Oggi in Azerbaigian si terranno le elezioni presidenziali e appare scontata la conferma di Ilham Aliyev, in carica dal 2003. Per la prima volta dalla dissoluzione dell’Unione sovietica parteciperanno al voto 20mila azeri da poco insediatisi nei seggi del Nagorno-Karabakh, al centro di tre guerre con la confinante Armenia. Oltre 120mila armeni residenti nella regione sono stati costretti a evacuare in seguito all’ultima offensiva azera, lo scorso settembre, e ora il governo di Baku sta incentivando in tutti i modi gli azeri, anche offrendo degli incentivi per il rientro a chi si trova all’estero.

Le elezioni erano previste per il 2025 ma il presidente in carica ha deciso di convocarle in anticipo di oltre un anno. Ilham Aliyev si è presentato al voto come l’eroe che ha riunificato il Paese, colui che è stato in grado di rimediare alla cocente sconfitta del 1993 (che aveva segnato l’inizio di quasi 30 anni di governo separatista filo-armeno) e come grande stratega geopolitico grazie all’alleanza di ferro con la Turchia, alleato fondamentale nelle guerre contro Erevan, e ai buoni rapporti con Mosca, che ha scelto Baku nonostante il trattato di mutuo soccorso militare che la legava all’Armenia. La guerra tra Ucraina e Russia, inoltre, ha permesso all’Azerbaigian di aumentare significativamente le esportazioni di idrocarburi verso l’Occidente, contribuendo a far crescere il pil.

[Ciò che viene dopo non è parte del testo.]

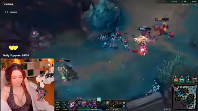 02:14:19Der Streamer analysiert eingehend die taktischen Entscheidungen des Teams und insbesondere die Fähigkeitsabfolge des Champions Pantheon. Er diskutiert eine mögliche Fehlanzeige im Chat und erläutert die Kombination aus Fähigkeiten, um den maximalen Schaden zu erzielen. Das Spielgeschehen selbst wird live kommentiert, mit Fokus auf die Bedrohung durch den gegnerischen Nocturne und die Notwendigkeit, die Drake-Barriere zu sichern, was zu hektischen Manövern und einer unübersichtlichen Lage auf der Map führt.

Nonostante l’Azerbaigian sia formalmente una repubblica, Aliyev è succeduto come un monarca a suo padre, Gaydar Aliyev, che aveva “abdicato” nel 2003 lasciandogli il ruolo di presidente poco prima di morire. Gayday Aliyev a sua volta era stato deus ex machina del Paese per quasi 30 anni, partendo da capo del Kgb azero fino a diventare primo presidente dello stato post-sovietico. Dunque la dinastia Alyiev è di fatto al potere da oltre 40 anni a Baku e alle elezioni di oggi, che seguono quelle plebiscitarie del 2018, sfiderà ben 6 candidati. Tutti, stando ai sondaggi, senza speranza. Secondo le associazioni umanitarie e i gruppi di attivisti il periodo pre-elettorale è stato segnato da arresti sommari, repressione del dissenso e della libertà di stampa. Denuncia Amnesty international: «Dal novembre 2023 le autorità di Baku hanno arrestato 13 dissidenti pacifici, tra i quali giornalisti, oppositori politici e un difensore dei diritti umani. Almeno 11 di loro sono tuttora in carcere per dubbie accuse. Molte altre persone, giornalisti inclusi, sono fuggiti all’estero per il timore di persecuzioni». Una missione dell’Osce, composta anche da membri italiani, si trova a Baku per vigilare su elezioni che si annunciano già poco trasparenti.